Should the entries contain pictures, leave them out and return exactly the lines from the first through the line holding "코레일은 개통 첫날인".

Records drawn from a dataset:
- Opening Delimiter -

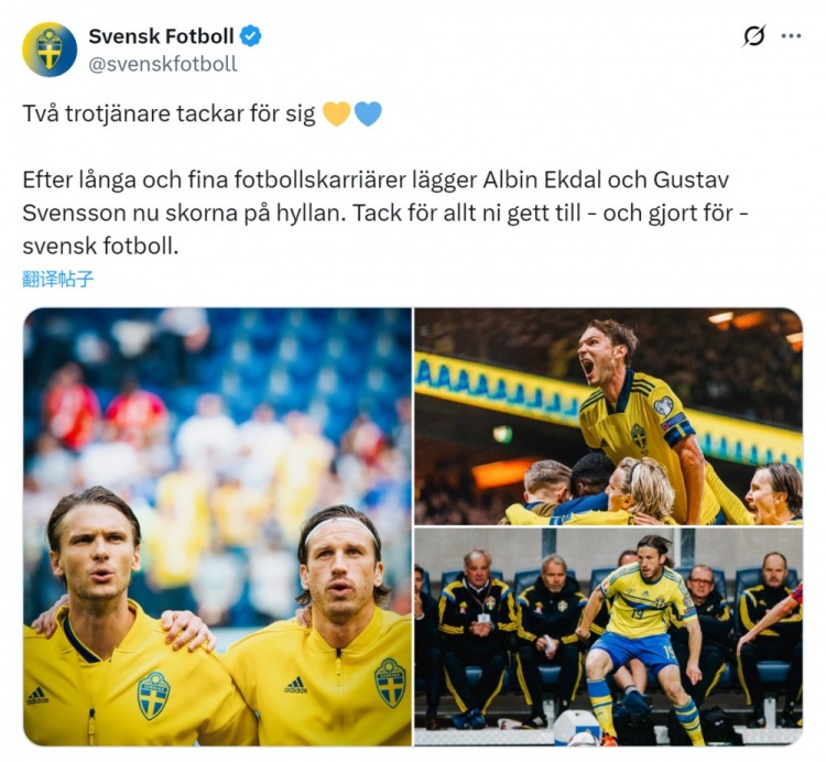 瑞典足协社媒写谈:“在渡过漫长而精彩的足球生活后,阿尔宾-埃克达尔与古斯塔夫-文明森认真挂靴退役。感谢你们为瑞典足球奉献的一切。”
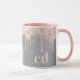 An elegant, girly and glam mug. Rose gold and pink faux glitter drip, paint dripping look. Chic faux silver metallic looking background. Personalize and add your monogram initials, letters x3. Rose gold colored letters.
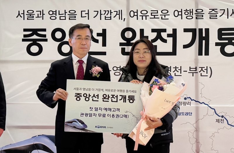코레일은 개통 첫날인 20일 오전 안동역과 태화강역, 부전역에서 중앙선 이용객 환영 행사를 열고 첫 고객에게 관광열차 무료이용권을 증정하는 등 기념품을 나눠줬다.
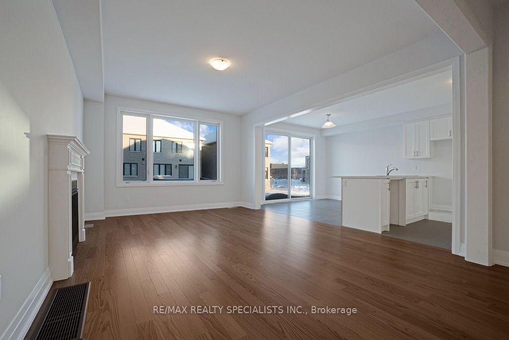Brand-new, never-lived-in freehold detached home offering 4 bedrooms and 3 bathrooms, thoughtfully designed with a bright, functional layout ideal for modern family living. A striking open-to-above foyer welcomes you, complemented by hardwood flooring on the main level and a spacious family room featuring a contemporary fireplace. The upgraded kitchen showcases quartz countertops, stainless steel appliances, abundant cabinetry, and a breakfast area with walk-out to the backyard-perfect for everyday living and entertaining. The primary bedroom retreat features a luxurious 5-piece ensuite and a walk-in closet, while three additional generously sized bedrooms provide comfort for the entire family. Additional highlights include main-floor laundry, interior access to a double-car garage, a full unfinished basement offering excellent storage or future potential, and parking for up to four vehicles. Situated in a family-friendly, newly developed neighbourhood, this home is close to shopping plazas, woodstock gurudwara, and a new school currently under construction, with convenient access to major routes. An exceptional opportunity to own a move-in-ready home in a growing community.
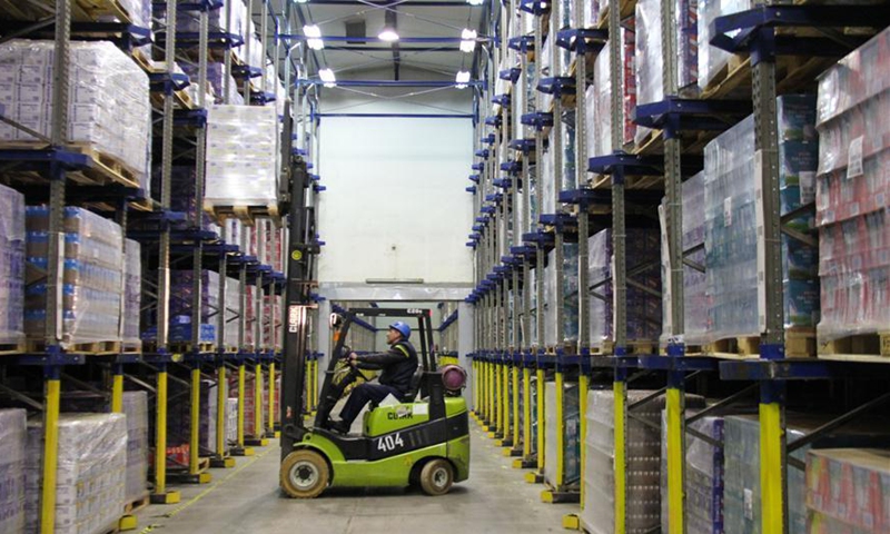 Photo taken on April 19, 2017 shows a worker operating a forklift to arrange finished products at a milk plant in Lowicz, Poland. The European Union (EU) is one of the largest milk suppliers to Chinese market, with Poland accounting for a share of 12.7%, according to Director of Polish Milk Chamber Agnieszka Maliszewska. Statistics from Poland's Ministry of Finance show that, despite the impact of COVID-19, the export of dairy products from Poland to China grew by 70% year on year in the first half of 2020. Recently, batches of Polish dairy products took freight trains to China for the occassion of Single's Day shopping festival in the country. (Xinhua/Chen Xu)

- Closing Delimiter -

Output —
 瑞典足协社媒写谈:“在渡过漫长而精彩的足球生活后,阿尔宾-埃克达尔与古斯塔夫-文明森认真挂靴退役。感谢你们为瑞典足球奉献的一切。”
 An elegant, girly and glam mug. Rose gold and pink faux glitter drip, paint dripping look. Chic faux silver metallic looking background. Personalize and add your monogram initials, letters x3. Rose gold colored letters.
코레일은 개통 첫날인 20일 오전 안동역과 태화강역, 부전역에서 중앙선 이용객 환영 행사를 열고 첫 고객에게 관광열차 무료이용권을 증정하는 등 기념품을 나눠줬다.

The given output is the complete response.